Recently, Posey hired Zack Minasian as general manager, the brother of Los Angeles Angels general manager Perry Minasian. Both are the son of Zack Minasian, who was the clubhouse manager for the Texas Rangers for 20 years.
Winn has been a part of the organization since he retired as a player. He was San Francisco’s roving outfield and baserunning instructor from 2013-16.
After that, he was promoted to special assistant to the general manager, a role he served in from 2017 to 2018. He then moved into a pro scouting role under Minasian in 2019.
He’s also served for more than a decade as a game analyst for Giants broadcasts on NBC Sports Bay Area. In September the Giants also named him chairman of the Giants Community Fund.
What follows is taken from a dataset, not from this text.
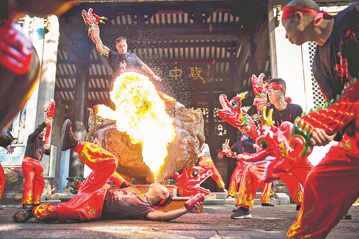 12月24日,广东中山黄氏大宗祠,当地村民在进行国家级非遗醉龙舞表演。

Winn was a deadline acquisition in 2005 from the Seattle Mariners. After that, he spent the next four seasons with the Giants.
In five seasons with San Francisco he finished with a slash line of .290/.345/.432/.776 with 51 home runs and 262 RBI. Those were the best numbers of his career with any of the five Major League teams he played for.
The Los Angeles, Calif., native played his college baseball at Santa Clara and was the roommate of Naismith Basketball Hall of Fame selection Steve Nash. Winn was a third-round pick of the Marlins in the 1995 draft.
Before he could make his MLB debut with the Marlins, he was picked by the Tampa Bay Rays in the 1997 expansion draft. He made his big-league debut a year later with the Rays and spent his first four Major League seasons with them.
In 2002, he was dealt to the Seattle Mariners as part of the compensation in a trade for manager Lou Piniella.
For his 13-year MLB career, which ended in 2010, he finished with a slash line of .284/.343/.416/.759 with 110 home runs and 662 RBI.
Posey is assembling a front office that it hopes can lure free agents to an organization that has struggled in that area in recent years.